A person wearing a camouflage hat and sunglassesDescription automatically generated
Daniel Hale [Source: theintercept.com]

Blomé says that she and her comrades are received warmly by people living in the towns around Creech and Holloman Air Force Bases, by passersby, and even by people who work on the bases.

Recently, an African-American lady who worked on the Holloman Air Force Base and recognized Blomé from a past protest, embraced her and said she was happy to be soon retiring from the military.

After Blomé’s last arrest, the judge told her and her co-defendants with a wink that he had been a political science major in college—signaling that he recognized corruption in politics and understood the motivations for their dissent.

[Source: Photo Courtesy of Toby Blomé]

The positive reception that the Holloman 6 and other activists receive reflects growing unease across broad sectors of American society for the state of endless war since 9/11.

The remoteness of the military bases and use of drone machines embody the U.S. government’s attempt to distance the public from the violence meted out in the pursuit of empire.

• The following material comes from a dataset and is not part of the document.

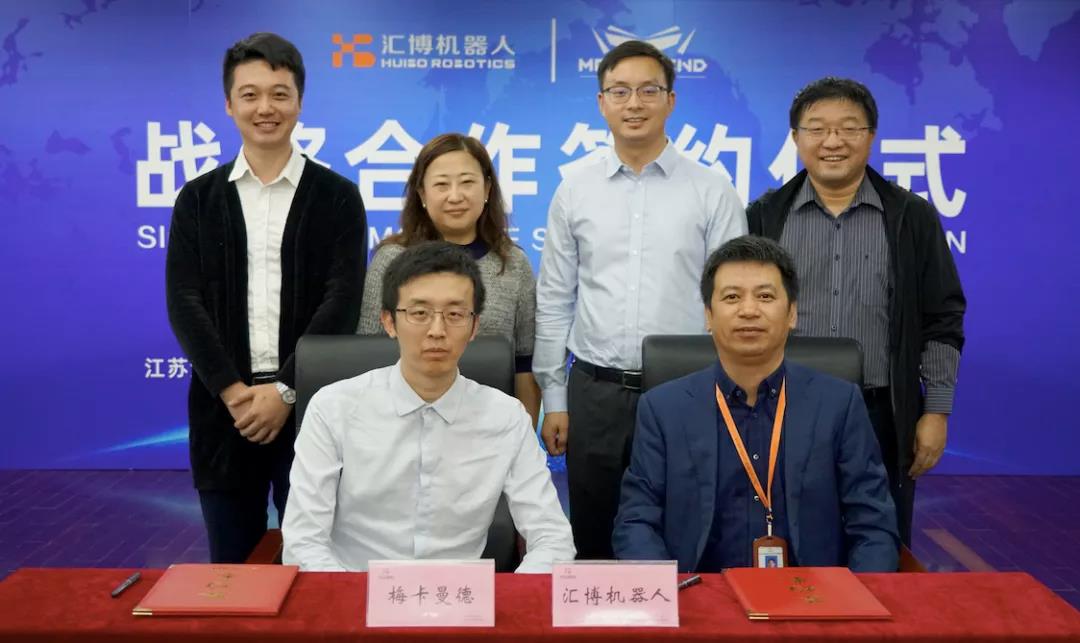 此次戰(zhàn)略合作簽約儀式,由匯博集團(tuán)總裁王振華、匯博集團(tuán)COO秦磊,梅卡曼德機(jī)器人CEO邵天蘭、聯(lián)合創(chuàng)始人&業(yè)務(wù)VP付翱、銷售總監(jiān)楊培、銷售經(jīng)理劉富增等領(lǐng)導(dǎo)親臨現(xiàn)場(chǎng),共同見證并進(jìn)行了戰(zhàn)略合作簽約儀式。

The costs of war cannot be shielded irrevocably, however. Blomé emphasized that among the victims are the drone pilots, who suffer from trauma and feelings of guilt for their roles in killing innocent people, even if remotely.


  1. Founder of a homeless youth project in Seattle where he used to live, Reese grew up in Birmingham Alabama and was banned from Israel for ten years because of his involvement in activism there. At the 1999 protests against the World Trade Organization (WTO) in Seattle, Reese helped with the first Independent Media Center; there are now hundreds of these centers around the world.